━━━━━ COLLECTED DATA

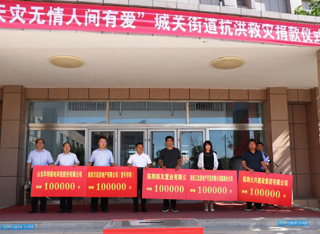 8月17日上午,城關街道黨工委率先組織舉辦“天災無情 人間有愛”抗洪救災捐款活動,活動號召街道上下繼續發揚抗洪精神,堅定信心,克難奮進,全力奪取恢復重建工作的全面勝利。華特公司董事長兼總裁王兆連代表公司出席活動并捐款10萬元。
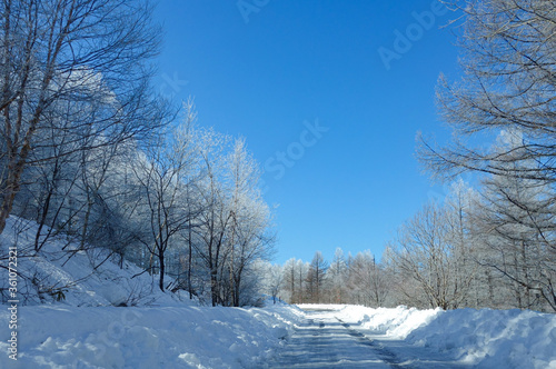 Obraz premium 【霧氷に囲まれた雪道】ビーナスラインの冬景色
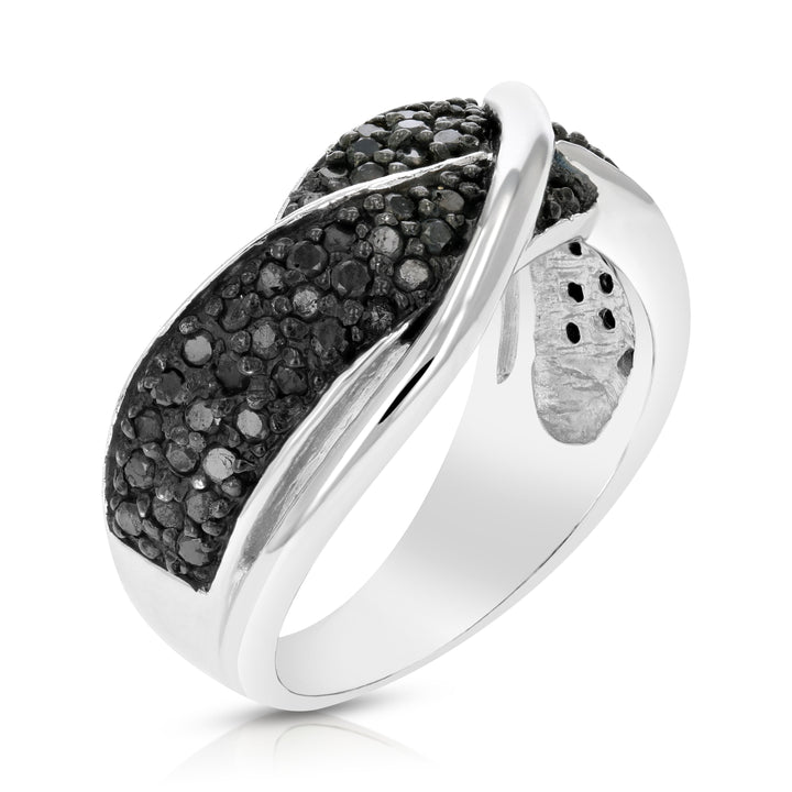 Handcrafted in .925 Sterling Silver with Rhodium plating, featuring 56 natural round black diamonds (3/4 cttw). Diamond Clarity: I1-I2.

━━━━━━━━━━

(EXERCISE): Set down, word for word, the full listing above, and carry over no pictures.

(RESPONSE BELOW):
 8月17日上午,城關街道黨工委率先組織舉辦“天災無情 人間有愛”抗洪救災捐款活動,活動號召街道上下繼續發揚抗洪精神,堅定信心,克難奮進,全力奪取恢復重建工作的全面勝利。華特公司董事長兼總裁王兆連代表公司出席活動并捐款10萬元。
 Obraz premium 【霧氷に囲まれた雪道】ビーナスラインの冬景色
 Handcrafted in .925 Sterling Silver with Rhodium plating, featuring 56 natural round black diamonds (3/4 cttw). Diamond Clarity: I1-I2.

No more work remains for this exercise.